Must Love Data Mondays: Week 1 of #uwdatasci Introduction to Data Science

Week 1 is a simple explanation about the course and to the topic of data science. The week consists of ten videos that are based around those ideas.  The final video walks you through the first assignment that does some basic twitter analysis using Twitter API. I’ll write about the assignment in next week’s post.  Some of the topics this course covers in the first week are two videos on whetting your appetite, introduce you to some of the exciting things being done in the field.  It also provides brief course overview and touches on broad topics such as eScience and Big Data. On the course syllabus there are about 15 articles to read during the week but the majority of them deal with examples in the video lectures.  I’ll touch on the ones that weren’t listed as examples.

Drew Conway’s Venn Diagram

The famous diagram breaks down the field off data science into three main categories of knowledge (Hacking Skills, Math & Stats, and Substance) and how combining any two of those ideas is not data science, it can actually be dangerous.  You need to acquire all three to participate in this field.

Mike Loukides, What is data science?, O’Reilly Radar, 2010

I think Hal Varian’s quote used in the end of the article sums it up best, “The ability to take data – to be able to understand it, to process it, to extract value from it, to visualize it, to communicate it – that’s going to be a hugely important skill in the next decade.”

Mike Driscoll, “The Seven Secrets of Successful Data Scientists

The Seven Secrets along with my thoughts:

  1. Choose The Right-Sized Tool: Sometimes Excel is the best tool for the job and other times you need Hadoop.
  2. Compress Everything: It saves you time and money but don’t watch your size.  It’s a good idea to split up large files.
  3. Split Up Your Data: I like this quote, “The real world is partitioned – whether as zip codes, states, hours, or top-level web domains – and your data should be too.” Follow Hadley Wickham’s design pattern: Split, Apply, Combine.
  4. Sample Your Data: Inside of wasting your time, try sampling your data to figure out your approach and if you need to make any adjustments before running the full workload.
  5. Smart Borrows, But Genius Uses Open Source: There is no reason to rebuild the wheel.
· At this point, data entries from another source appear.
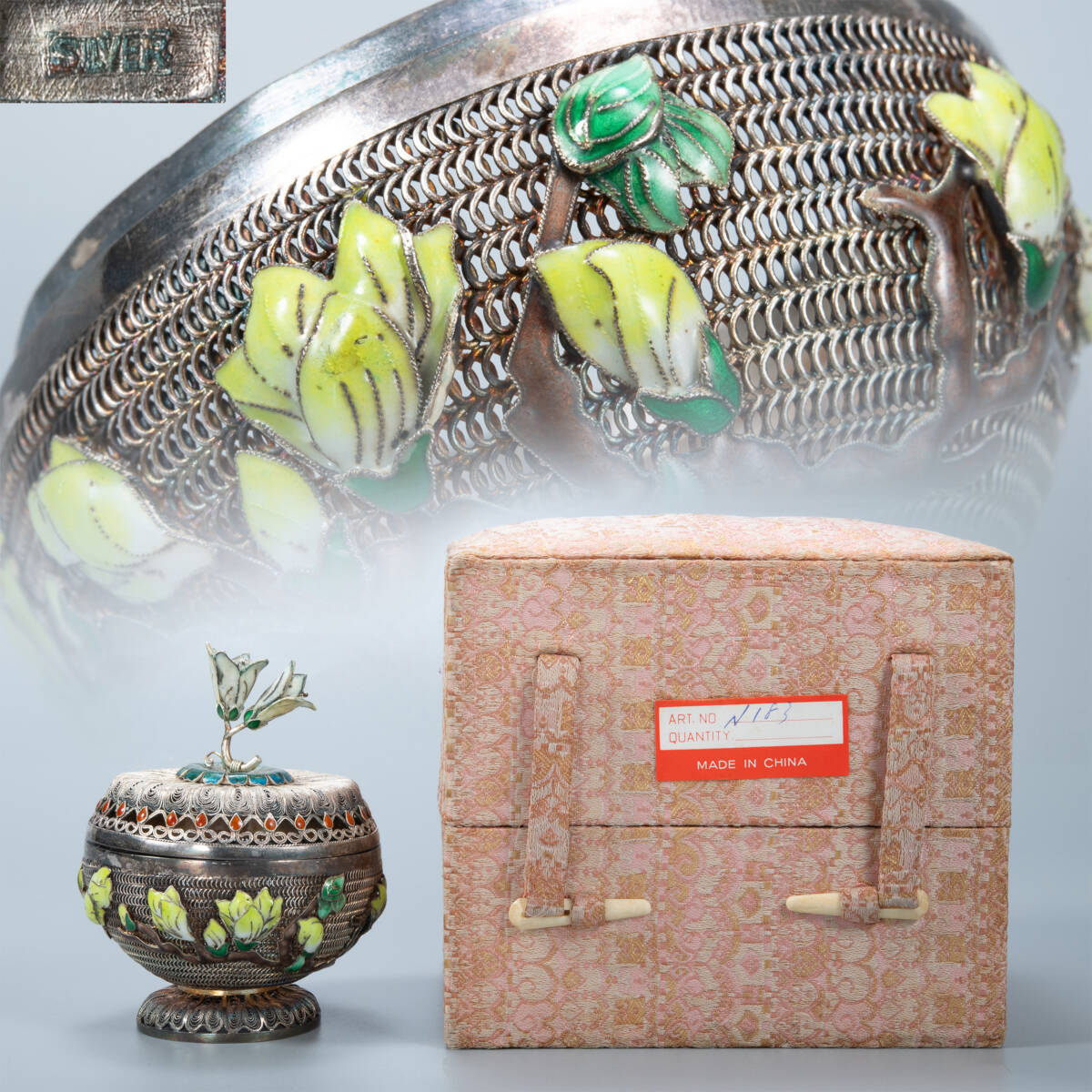 - BR2760-中国美術 銀製 silver 刻印 銀七宝 蓋物・香合・唐物 径7.2cm 高9.5cm 重108.5g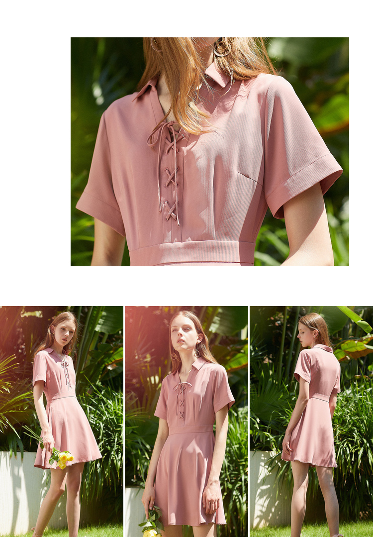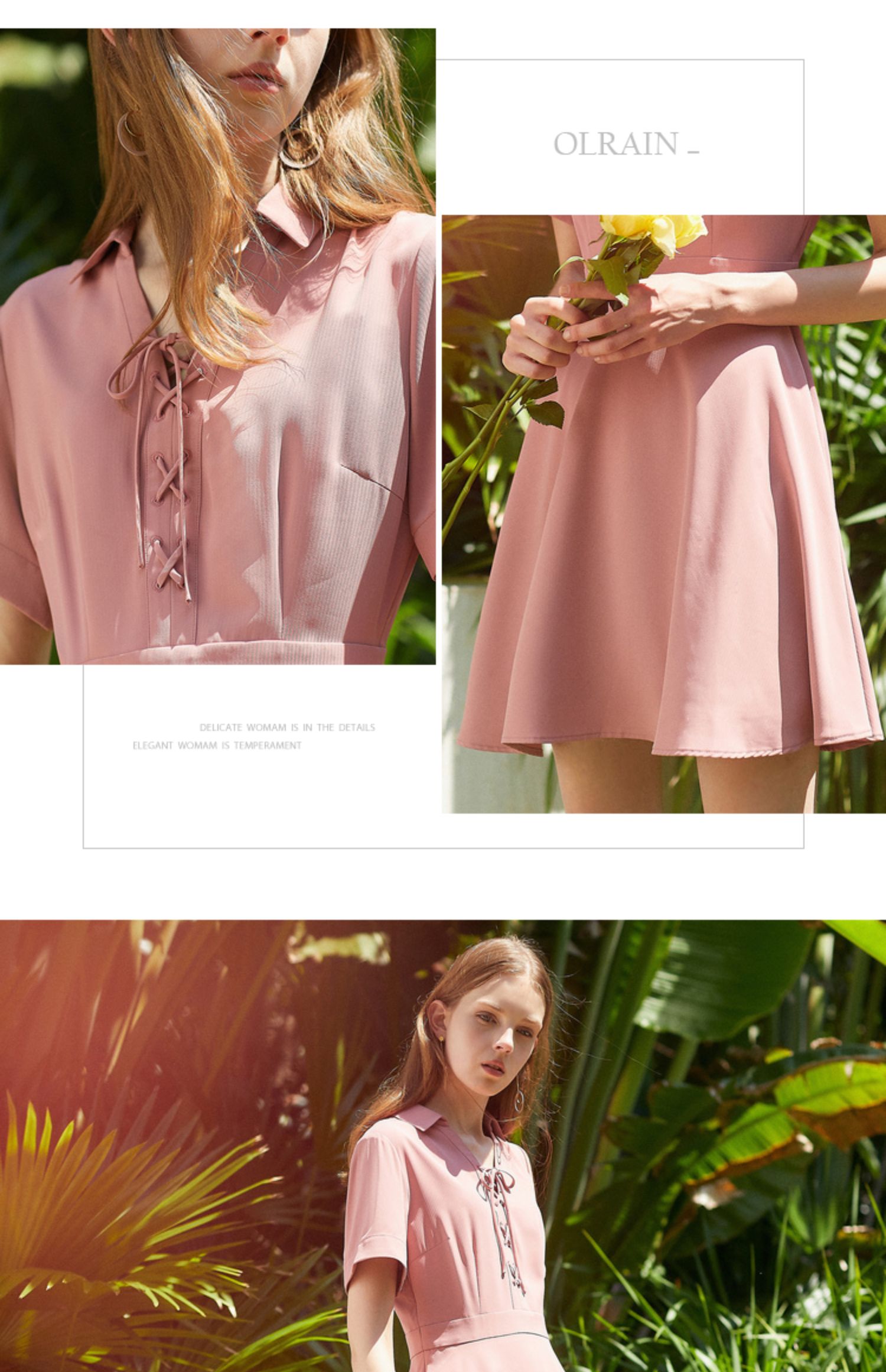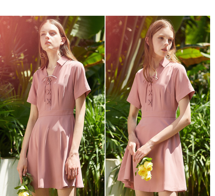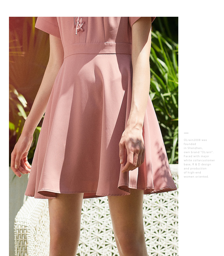 欧芮儿欧芮儿 2019夏装收腰显瘦绑带V领短袖a字连衣裙女中长款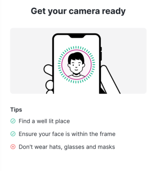 셀카를 한 장 찍어야 합니다. 카메라가 켜지면 프레임 안에 얼굴을 위치시키고, 얼굴 인증을 완료하세요. 신분증과 얼굴을 대조하는 과정을 거치게 되며 약 1분에서 2분 정도 시간이 소요될 수 있습니다.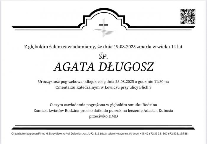 W najbliższą sobotę 23 sierpnia na cmentarzu katedralnym w Łowiczu odbędą się uroczystości pogrzebowe 14-letniej Agatki Długosz z Zielkowic. Zamiast kwiatów rodzina nastolatki prosi o wsparcie zbiórki dla chorych braci Adasia i Kubusia Strugińskich.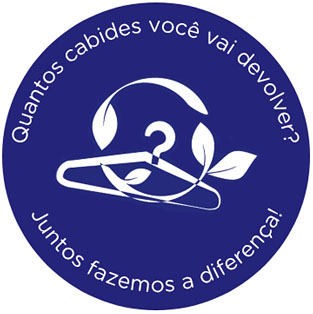 Substituímos cabides tradicionais por modelos produzidos a partir de matéria prima reciclada e temos como meta até 2030 usar apenas cabides feitos a partir da cana-de-açúcar, uma matéria-prima renovável, leve e durável. Desde 2013 mantemos um programa ativo de devolução de cabides, que voltam para o uso, que poderia virar descarte. O resultado é elegante e simples: menos resíduos, mais consciência, mais responsabilidade.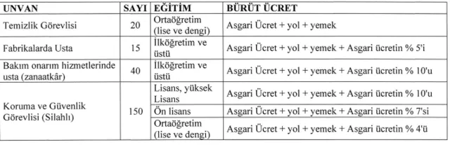 Yayımlanan duyuruda işçilere verilecek maaşlara da yer verildi. İşte alınacak temizlik görevlis, güvenlik görevlisi ve ustalara verilecek maaş:

Check the open source community to see if someone has already built what you’re thinking of building.
  6. Keep Your Head in the Cloud: Quote to live by: “If you want to compute locally, pull down a sample. But if your data is in the cloud, that’s where your tools and code should be.”
  7. Don’t Be Clever: “Cleverness doesn’t scale.” Follow this rule: KISS.
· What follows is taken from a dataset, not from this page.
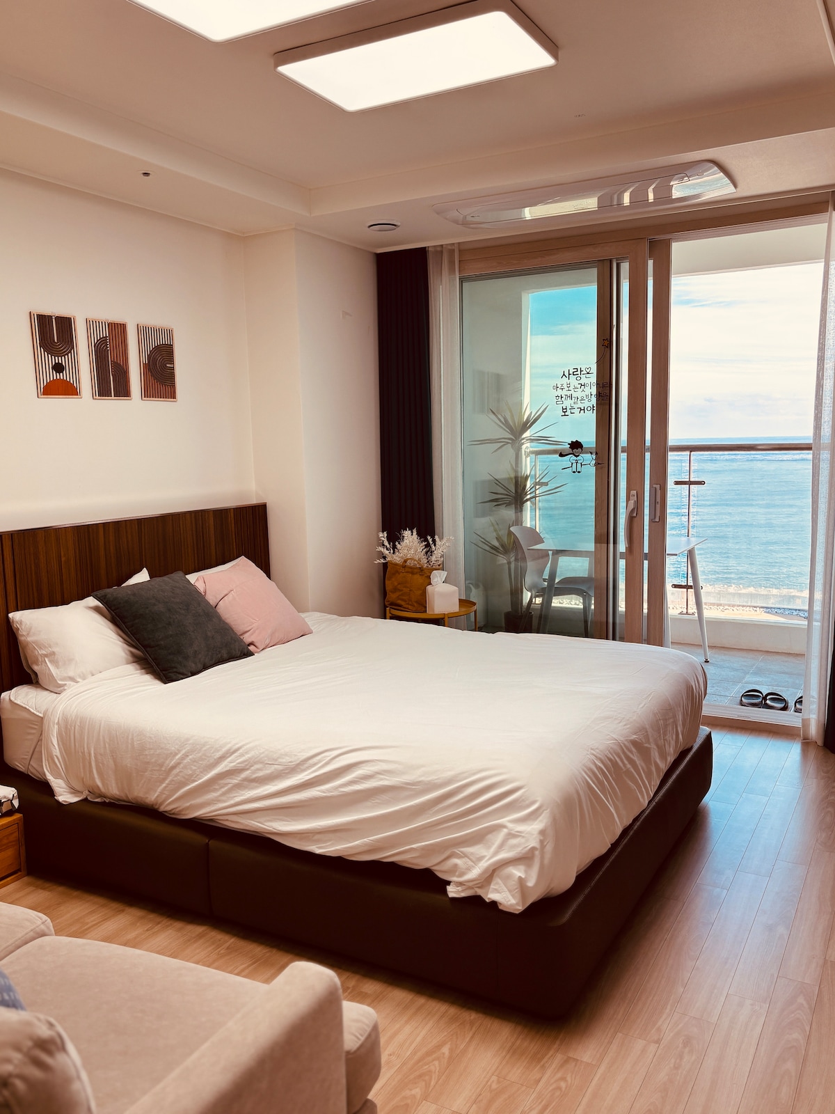 ✨12월 18일까지 오픈할인🎉 ✔️ 무엇보다 숙면에 초점을 맞췄습니다! 매트리스에 메모리폼을 더하고, 부드러운 호텔 침구, 제가 써본 중 가장 편했던 베개를 두었습니다. 빛에 예민하신 분들을 위한 암막커텐은 물론입니다! 이중창으로 방음도 최고입니다! ✔️등대해수욕장까지 도보 30초! 밤에는 발코니에서 파도소리를 듣고, 아침에 일어나면, 파란 바다와 하늘뷰에 매일 감탄하실거예요!(압도적인 침대뷰) 매일 다른 모습의 바다를 내려다보며 힐링할 수 있는, 아늑한 감성을 오래 즐겨보세요. ✔️ 속초의 중심지 모든 관광지가 10km 이내로 가장 편리한 위치에 있어요💕 from 소야스테이

Origins of “Volume, Velocity, Variety”

The three Vs to understand and deal with Big Data. The definitions from the article:

  1. Volume: Increase the depth and breadth of data available about any point of interaction.
  2. Velocity: Increased point-of-interaction (POI) speed, and consequently the pace dat used to support interactions and generated by interactions.
  3. Variety: Biggest barrier to effective data management will exist than variety of incompatible data formats, non-aligned data structures, and inconsistent data semantics.

eScience: The Fourth Paradigm (Foreward and Introduction, pages xi – xxxi; Gray’s Laws, pages 5-12)

Reading this today.

Chris Anderson,  “The End of Theory: The Data Deluge Makes the Scientific Method Obsolete” , Wired magazine, 2008

This article tries to answer this question: Is the scientific approach becoming obsolete? Another important question: What can we learn from Google? They didn’t know anything about advertising but were able succeed with applied math. They figured more data and better analytics would win.  What other areas can this strategy change?
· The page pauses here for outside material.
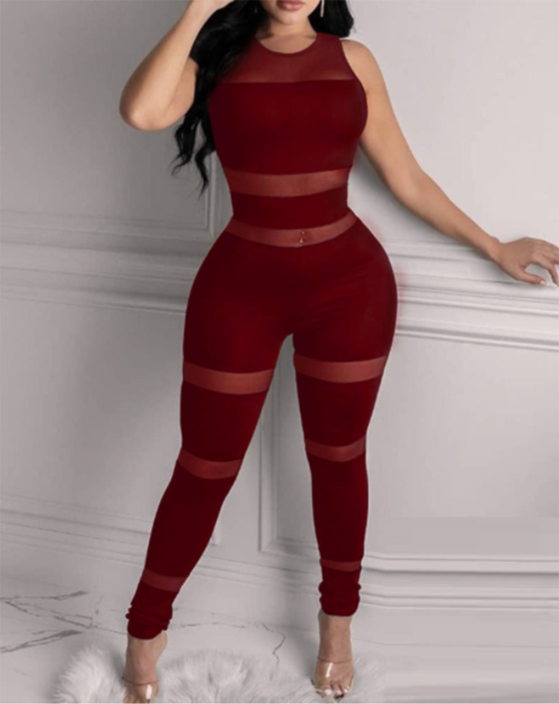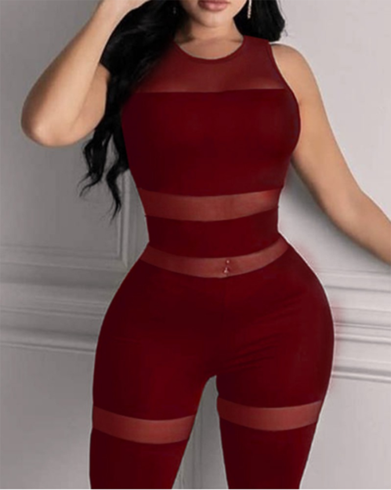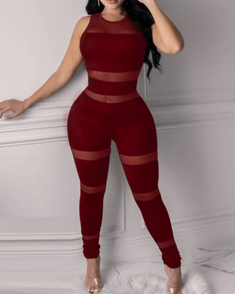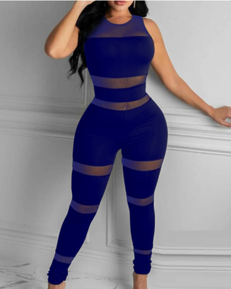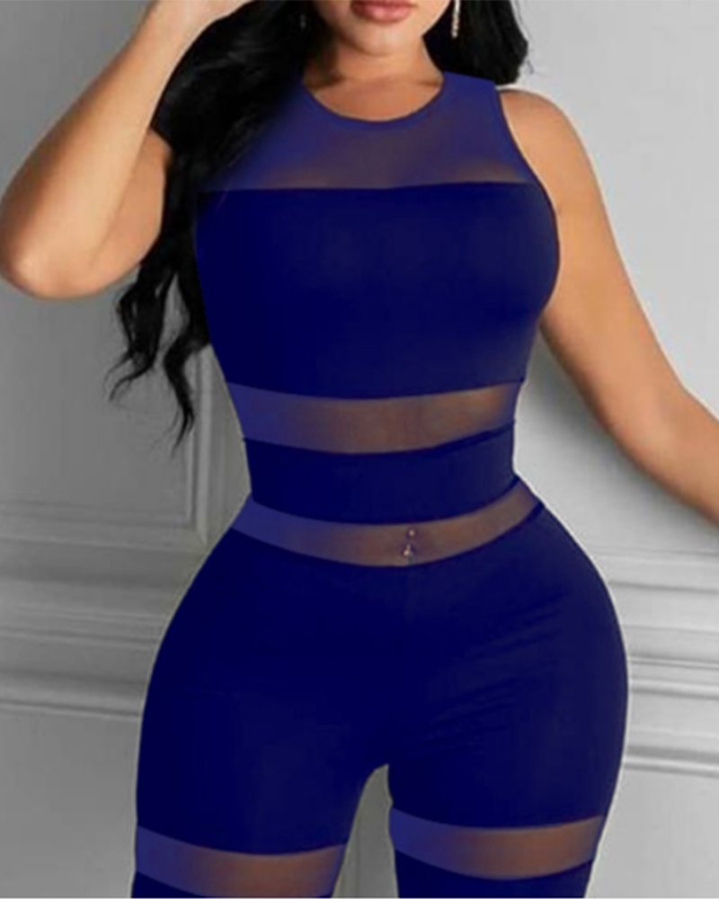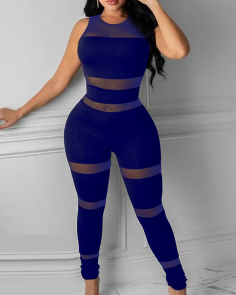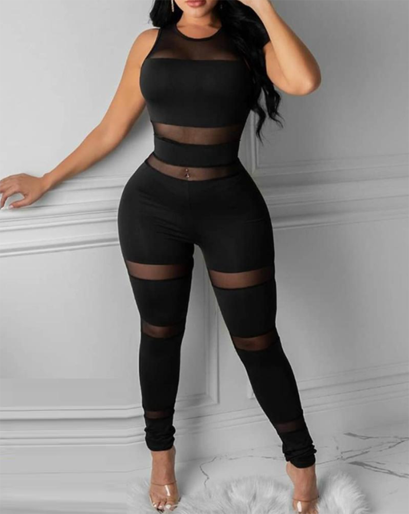 Sheer Mesh Spliced Sleeveless Casual Jumpsuit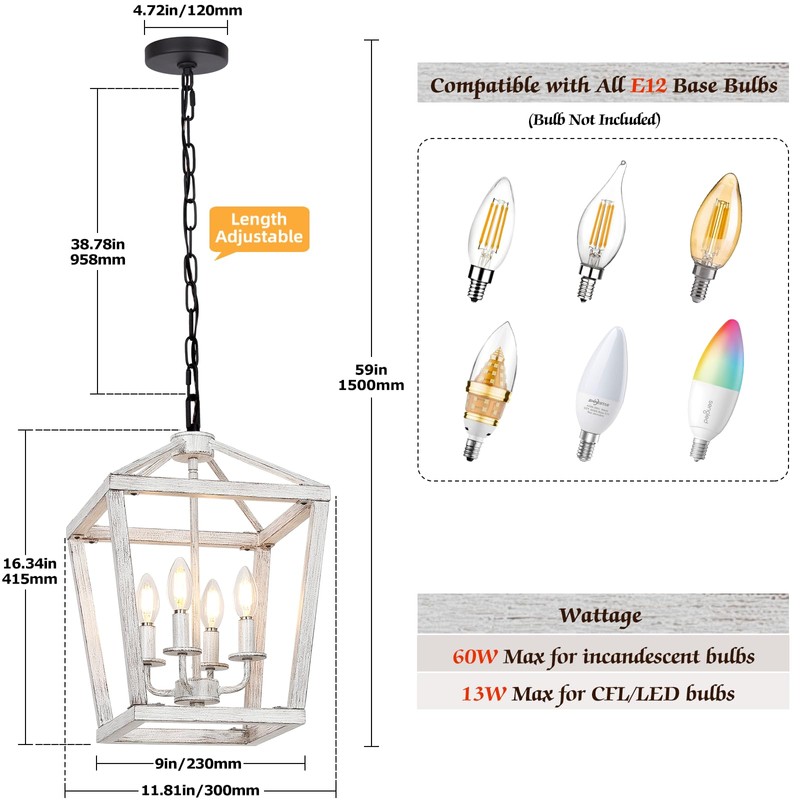 - E12 Bulb Required: The entryway light fixture comes with 4 x E12 lamp holder, you could optionally choose any E12 bulbs to use with, such as LED/CFL(13W max), incandescent(60W max) or fluorescent (Bulb not included). Just screw the bulb in to brighten up your home, flexible and various, it's easy to create different indoor atmosphere by changing the bulb you prefer.

Responses to Chris Anderson, 2008

A curated group of responses against Chris Anderson’s article listed above.  All of the responses are all trying to say the same thing.  Scientific theory is not dead.  Models and statistics will assist science not remove the human element from the equation.

I also read the first chapter of Doing Data Science – Introduction: What is Data Science? A free sample of the first chapter is available from this link.

Based on Rachel Schutt, a data scientist at Google, at the time, and the data science course she taught and created at Columbia University. Cathy O’Neil blogged about her experience taking the course and this book is based on those blog posts.  The book is trying to answer the questions about what is data science, data scientists, and what kind of work they do.